AVG_LIFETIME = 60 # months INCENTIVE_RATE = 0.20 # 20 % of monthly charges data['remaining_months'] = AVG_LIFETIME - data['tenure'] data['remaining_months'] = data['remaining_months'].clip(lower=0) data['retention_cost'] = data['MonthlyCharges'] * INCENTIVE_RATE * data['remaining_months']

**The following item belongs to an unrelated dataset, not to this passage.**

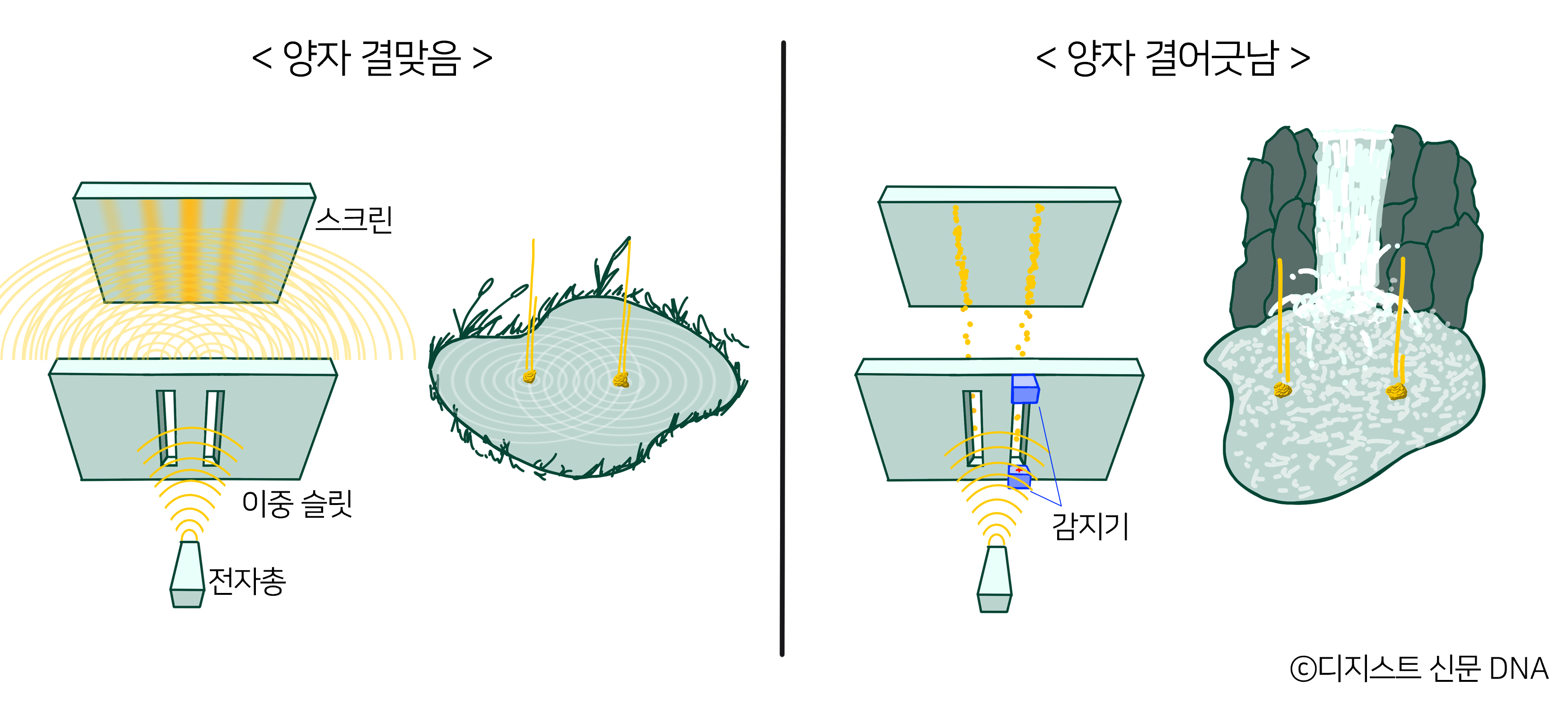 거시세계에서 파동성을 관측하기 힘든 이유를 이중 슬릿 실험에서 확인할 수 있다. 전자를 이중 슬릿을 향해 쏘면 뒤쪽 스크린에 간섭 무늬가 나타난다. 양쪽 슬릿을 통과하는 파동 사이에 간섭이 있어서 전자가 간섭무늬의 위치로 스크린에 도착하였다고 해석할 수 있다. 그러나 전자가 둘 중 어느 슬릿을 통과하는지 감지기로 관찰하면, 스크린에 간섭무늬가 아닌 두 개의 띠가 나타난다. 거시세계처럼 전자가 입자성을 가지게 된 것이다. 이중 슬릿 실험에서처럼 관찰이 파동성을 입자성으로 붕괴시키는 현상을 설명하는 것은 양자역학의 중요한 과제이다.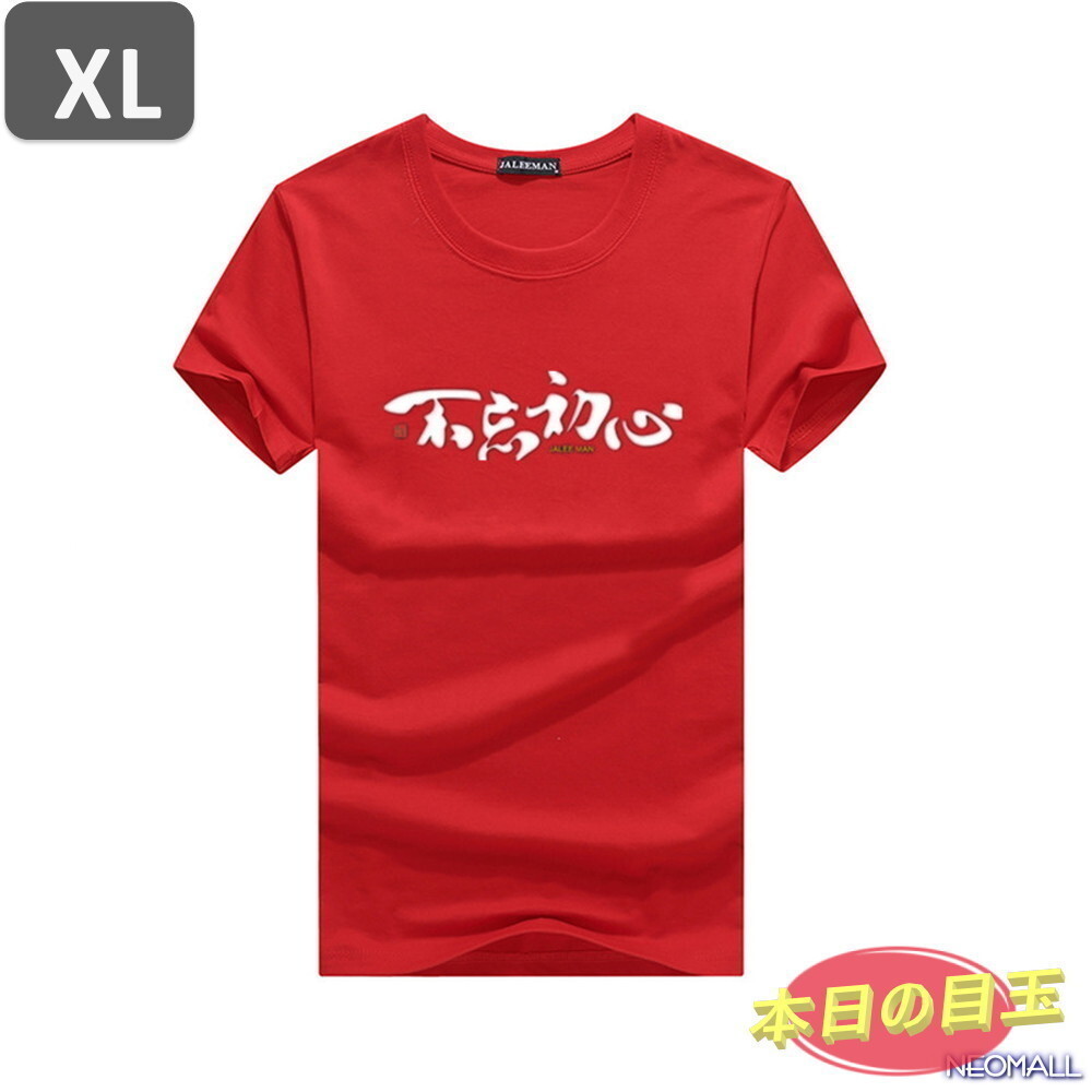 本日のお買得 ☆ 丸首 半袖 Tシャツ【463】 レッド XLサイズ トップス シャツ シンプル イラスト デザイン 春夏

4. Define features and target
We translate churn risk into a dollar amount—20% of the monthly bill for every month remaining in an assumed five-year relationship. The formula is adjustable for different industries.
y = data['retention_cost'] X = data.drop(columns=['retention_cost', 'customerID']) # drop identifier
5. Pre‑processing recipe
One‑hot encoding converts categorical variables (e.g., Contract, PaymentMethod) to numeric dummies; numeric columns (e.g., MonthlyCharges, tenure) are z‑scaled so Lasso’s penalty treats them equally.
cat_cols = X.select_dtypes('object').columns
num_cols = X.select_dtypes(exclude='object').columns
preprocess = ColumnTransformer([
('cat', OneHotEncoder(drop='first', sparse=False), cat_cols),
('num', StandardScaler(), num_cols)
])
6. Train/test split
X_train, X_test, y_train, y_test = train_test_split(
X, y, test_size=0.2, random_state=42, stratify=data['Churn'])
7. Build & tune Lasso pipeline
A log‑spaced α grid balances sparsity and fit. Five‑fold CV mitigates variance in the modest dataset.
pipe = Pipeline([
('prep', preprocess),
('model', Lasso(max_iter=10_000, random_state=42))
])
param_grid = {'model__alpha': np.logspace(-3, 1, 30)} # 0.001 → 10
search = GridSearchCV(pipe, param_grid, cv=5,
scoring='neg_root_mean_squared_error', n_jobs=-1)
search.fit(X_train, y_train)
print("Optimal α:", search.best_params_['model__alpha'])
8. Evaluate on hold‑out set
RMSE expresses the average incentive‑cost error in dollars, while R2R^2 shows variance explained.
y_pred = search.predict(X_test)
rmse = mean_squared_error(y_test, y_pred, squared=False)
r2 = r2_score(y_test, y_pred)
print(f"Test RMSE: ${rmse:,.0f} | R²: {r2:.3f}")
9. Interpret coefficients
Non-zero coefficients reveal levers, such as month-to-month contracts (often high cost) versus two-year contracts (low cost). Zeroed features can be dropped from future data collection to save ETL effort.
# Retrieve one‑hot column names
ohe = search.best_estimator_.named_steps['prep'].named_transformers_['cat']
ohe_names = ohe.get_feature_names_out(cat_cols)
feature_names = np.hstack([ohe_names, num_cols])
coefs = search.best_estimator_.named_steps['model'].coef_
importance = (pd.Series(coefs, index=feature_names)
.sort_values(key=abs, ascending=False))
plt.figure(figsize=(9,6))
importance.head(20).plot(kind='barh')
plt.title('Top Drivers of Retention Cost (Lasso Coefficients)')
plt.gca().invert_yaxis()
plt.xlabel('Coefficient (USD change)')
plt.show()
Summary
This Lasso-based pipeline converts raw churn data into a per-customer dollar estimate of retention spending and a ranked list of cost drivers. Marketing teams can rerun the notebook quarterly with fresh records, tweak the incentive formula, and immediately identify which customer segments require the highest budget—guiding more brilliant, data-backed retention campaigns.